** The problem **
Retype only what runs from the first line of the records to the line with "本案整體空間采用大面大理石上", inclusive, and no pictures.

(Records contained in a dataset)

■ ■ ■ ■ ■ ■ ■

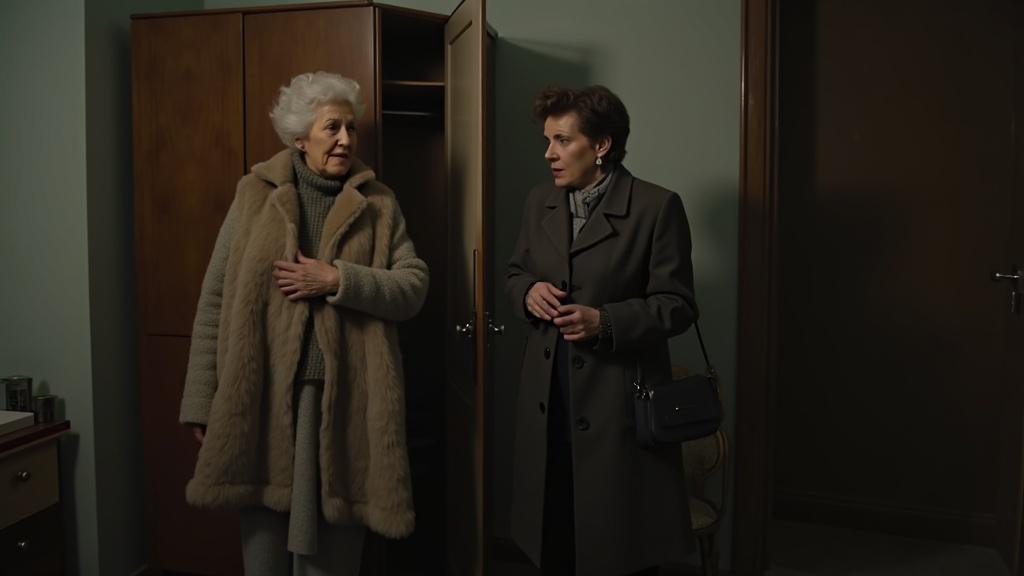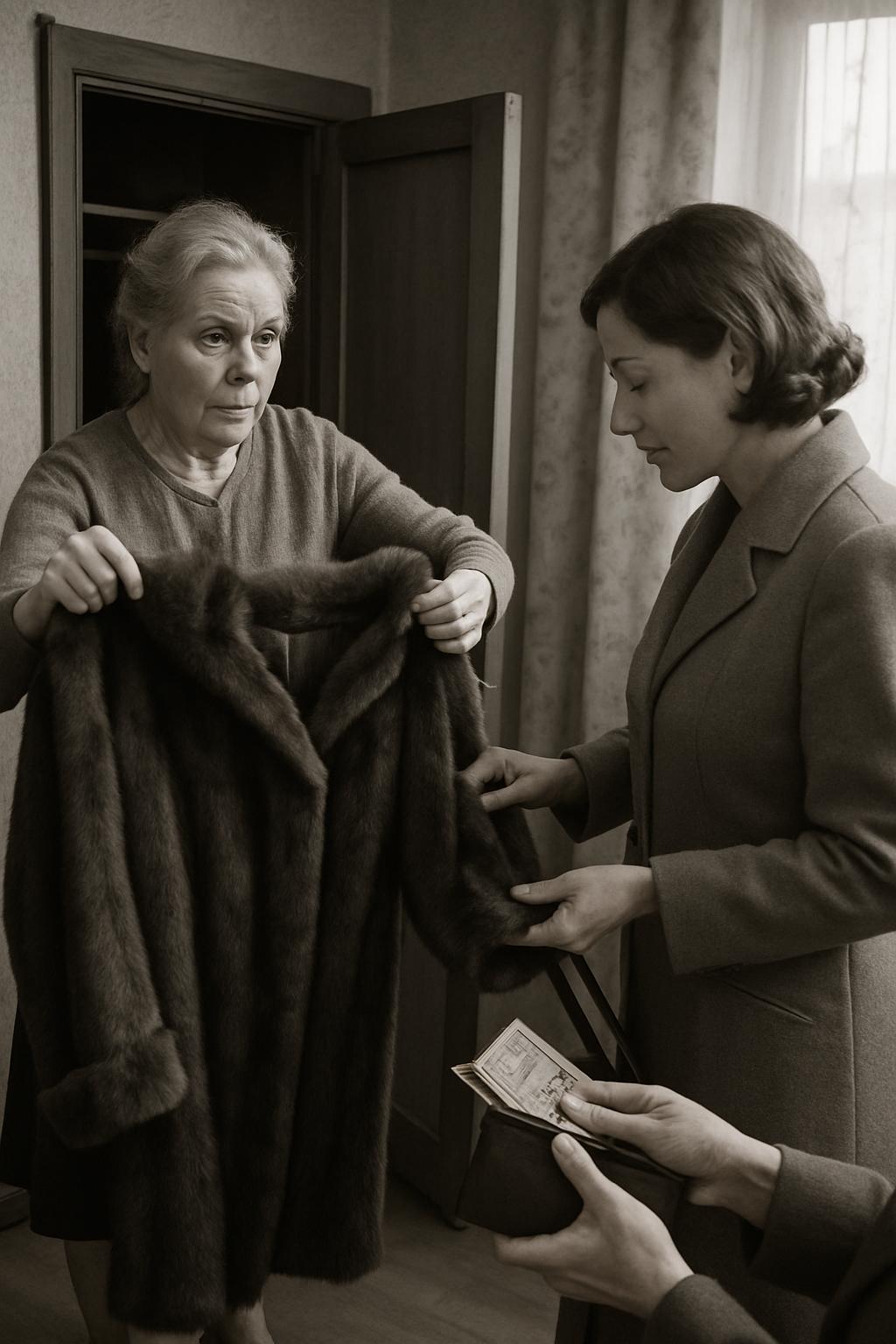 Plašč je začela stresati pred neznano gospo, kot da bi dokazovala njegovo brezhibnost. Ženska je z očitnim zanimanjem tipala mehko krzno, preverjala šive in kimala. Med njima je potekal tih, a zgovoren pogovor, dokler gospa ni segla v torbico, izvlekla denarnico in iz nje vzela bankovce.
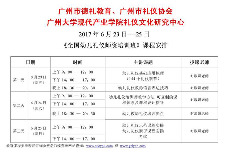 2017年6月23日-25日《全國幼兒禮儀師資培訓班》招生簡章
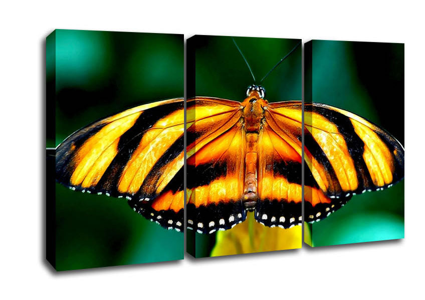 Orange And Black Butterfly 3 Panel Canvas Print handmade in the UK. Stretched over a 2 inch thick wooden box frame, ready to hang on your wall.
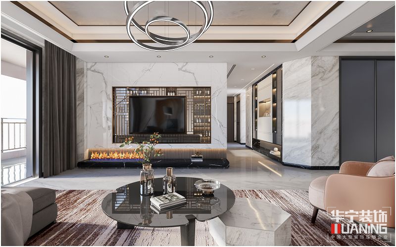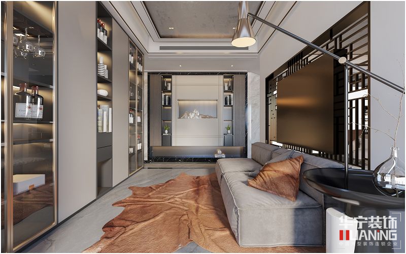 本案整體空間采用大面大理石上墻、極致金屬不銹鋼屏風(fēng)、簡(jiǎn)潔大氣的硬包與暖色整木相結(jié)合,同時(shí)搭配現(xiàn)代極簡(jiǎn)燈的高級(jí)質(zhì)感來拉升整個(gè)空間的品味與格調(diào),展示東方的文化禪味與意境,既可以彰顯中式儒雅之風(fēng),又給人以舒適現(xiàn)代的感受,寫意新中式經(jīng)典大宅之美。
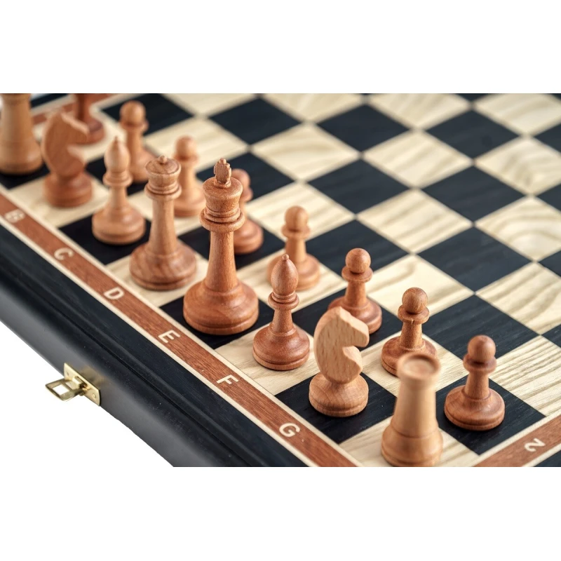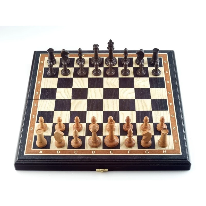 Шахматная доска – основа для игры в шахматы. Каркас данной модели доски выполнен из бука, а ее игровое поле покрыто шпоном различных ценных пород дерева, (мореный дуб, светлый ясень, и прочее). Никакой цветной печати - каждый элемент доски, будь то клетка, цифры или буквы, а также поля доски выполнены из дерева.
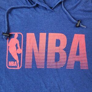 NBA navy blue with red screen print lightweight long sleeve hoodie with drawstrings.
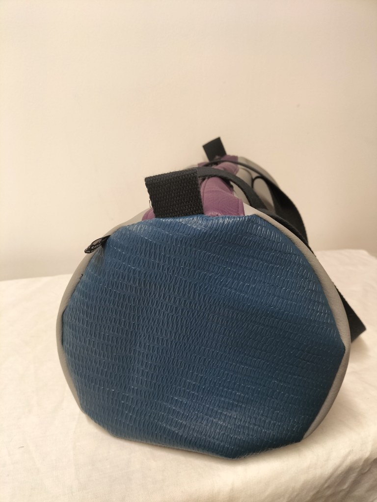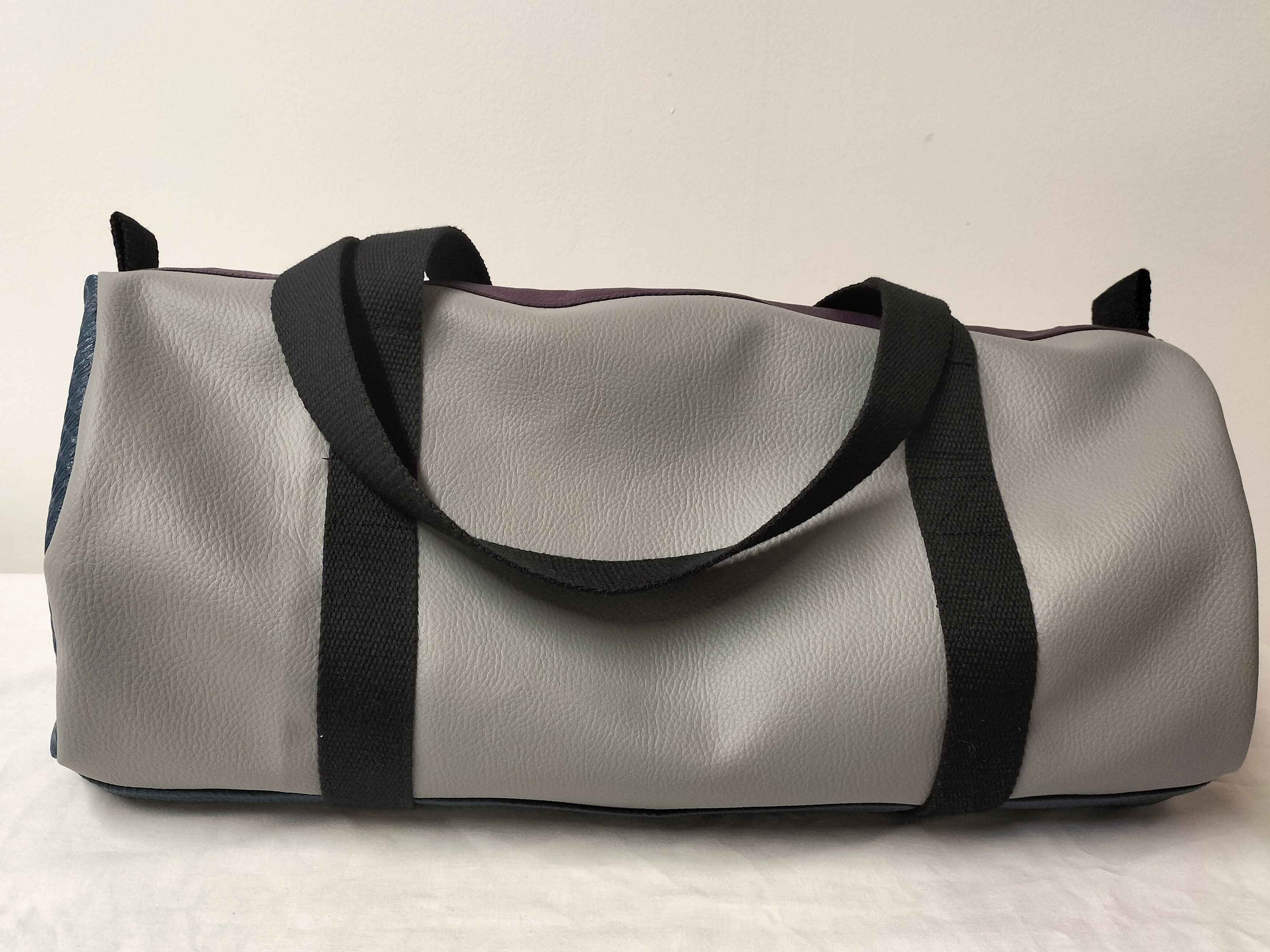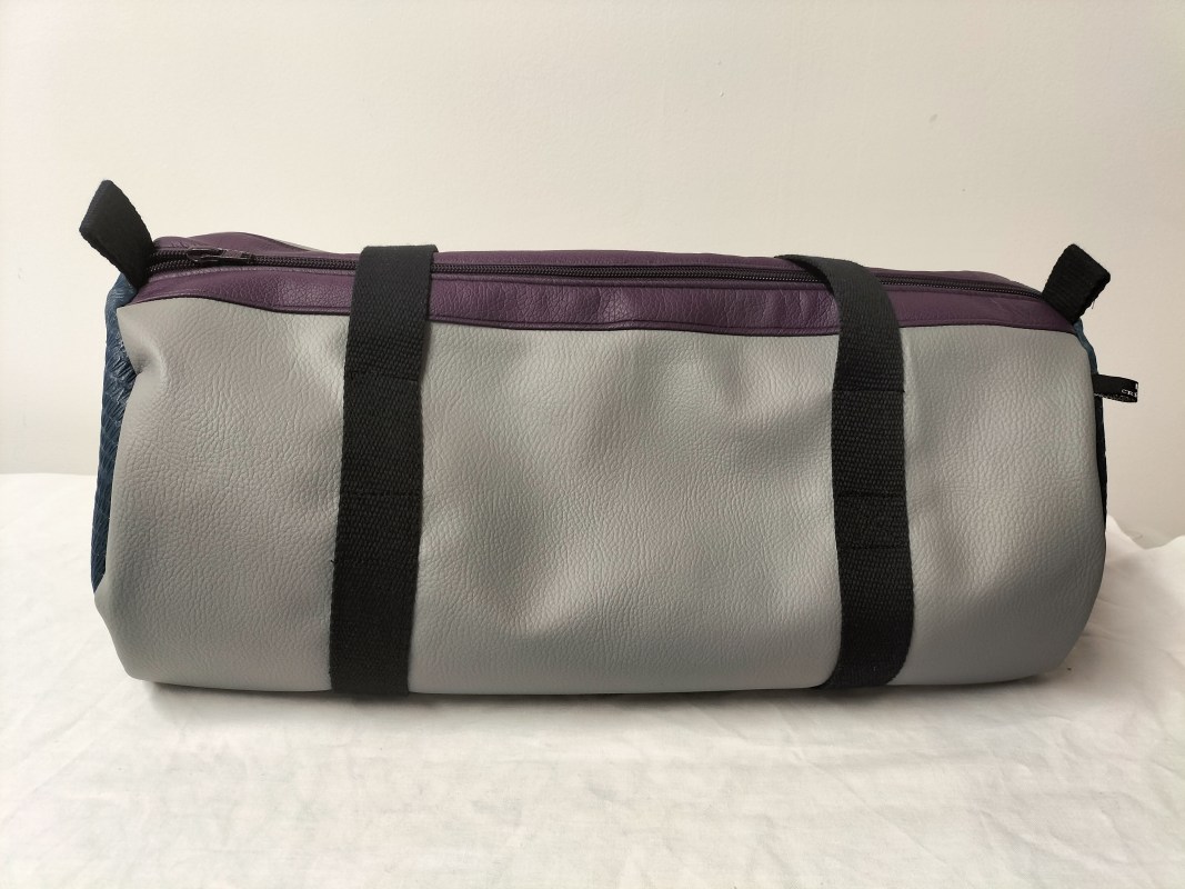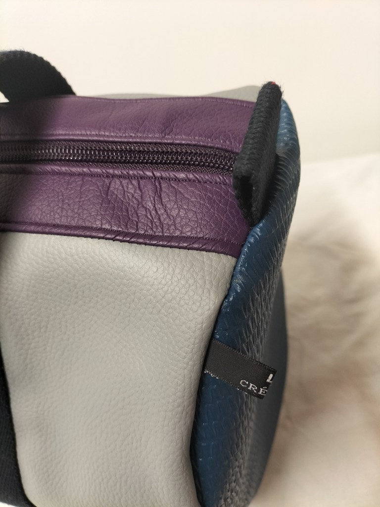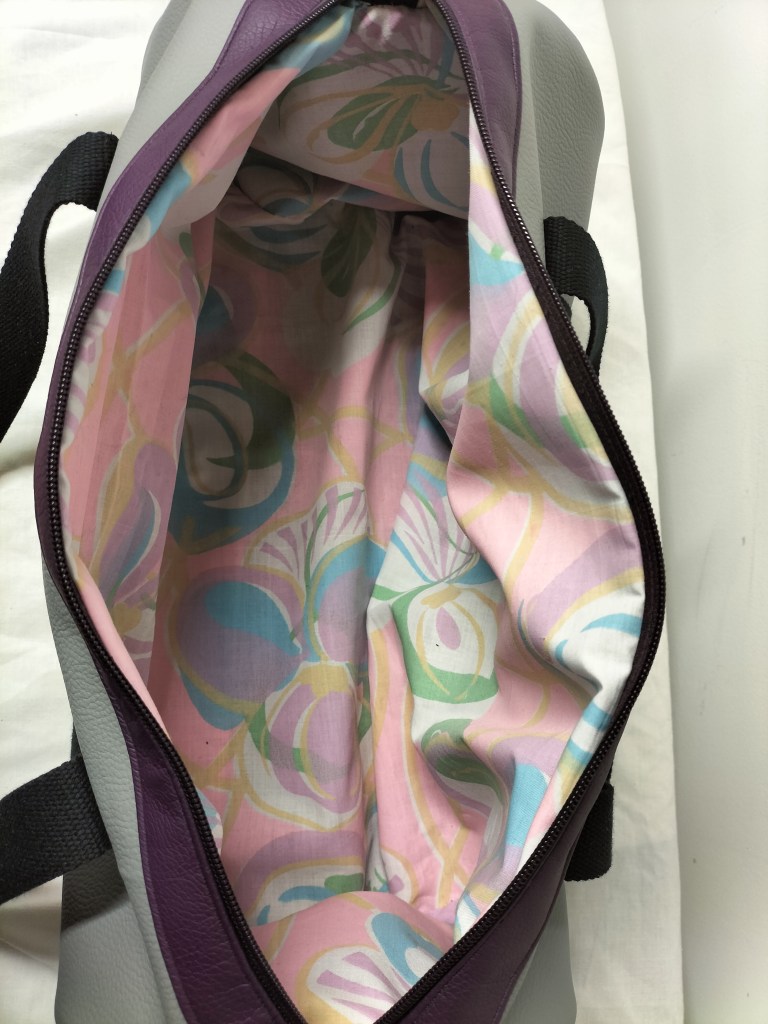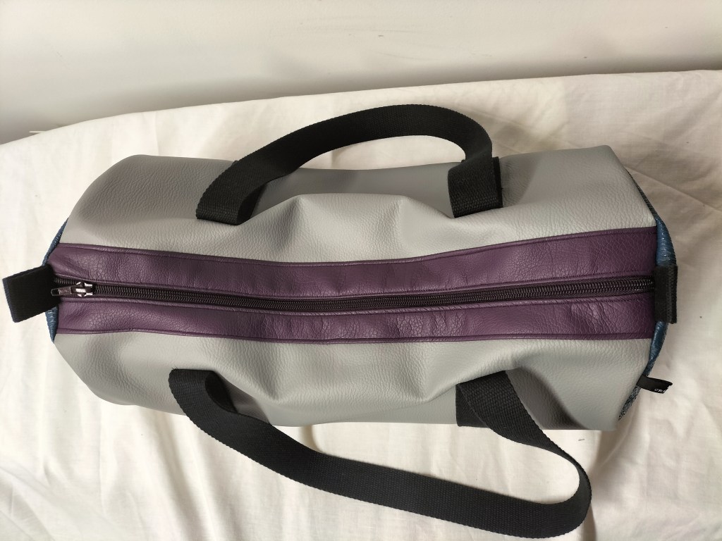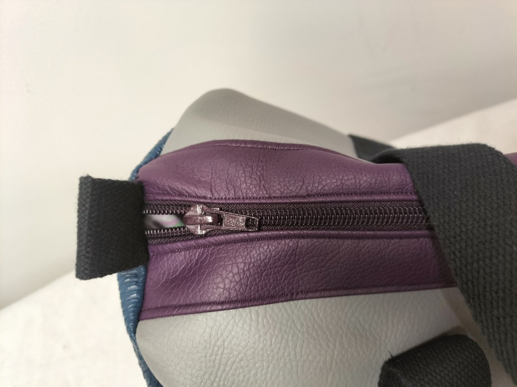 Bon revenons à notre polochon, pour lequel j’ai principalement utilisé des morceaux plus au moins grands qui me restaient : du simili cuir texturé couleur vert/bleu canard, du gris clair et du mauve. J’ai utilisé une fermeture zippée mauve que j’avais en stock et que je devais utilisée au départ pour ce sac en 2019 ! Le tissu doublure est un coton à fond blanc à grosses fleurs un peu vintage dans des coloris style années 80′. Seule la sangle en coton noir a été achetée neuve à la mercerie. Avec des minis chutes de sangle j’ai cousu des petites poignées ou aide à la fermeture (ci-dessous).
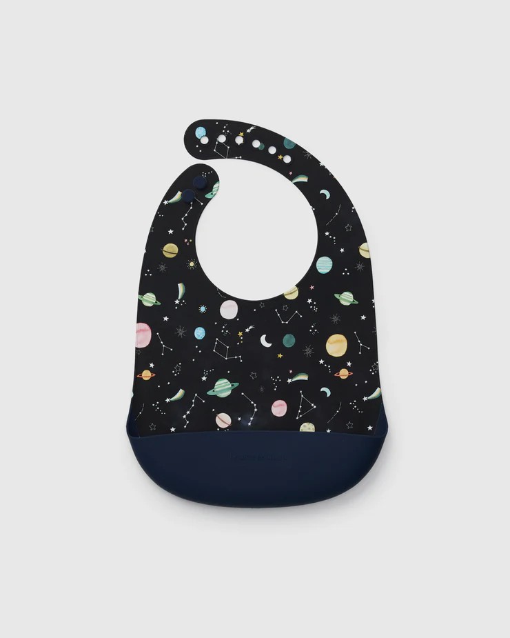 Our silicone bibs are buttery soft, waterproof, and stain-resistant. It is easy to clean; simply wipe down for a quick cleaning or put it in the top rack dishwasher for a deep clean. It features a wide catch-all pouch that sits below a high chair tray – perfect for collecting food, crumbs, and spills. Reinforced buttonholes for a durable and adjustable fit for long-lasting wear, suitable for ages 3 - 36 months. This handy bib is available in various modern colors and fresh designs to make mealtime fun and enjoyable.

■ ■ ■ ■ ■ ■ ■

** Solution for this problem **
 Plašč je začela stresati pred neznano gospo, kot da bi dokazovala njegovo brezhibnost. Ženska je z očitnim zanimanjem tipala mehko krzno, preverjala šive in kimala. Med njima je potekal tih, a zgovoren pogovor, dokler gospa ni segla v torbico, izvlekla denarnico in iz nje vzela bankovce.
 2017年6月23日-25日《全國幼兒禮儀師資培訓班》招生簡章
 Orange And Black Butterfly 3 Panel Canvas Print handmade in the UK. Stretched over a 2 inch thick wooden box frame, ready to hang on your wall.
 本案整體空間采用大面大理石上墻、極致金屬不銹鋼屏風(fēng)、簡(jiǎn)潔大氣的硬包與暖色整木相結(jié)合,同時(shí)搭配現(xiàn)代極簡(jiǎn)燈的高級(jí)質(zhì)感來拉升整個(gè)空間的品味與格調(diào),展示東方的文化禪味與意境,既可以彰顯中式儒雅之風(fēng),又給人以舒適現(xiàn)代的感受,寫意新中式經(jīng)典大宅之美。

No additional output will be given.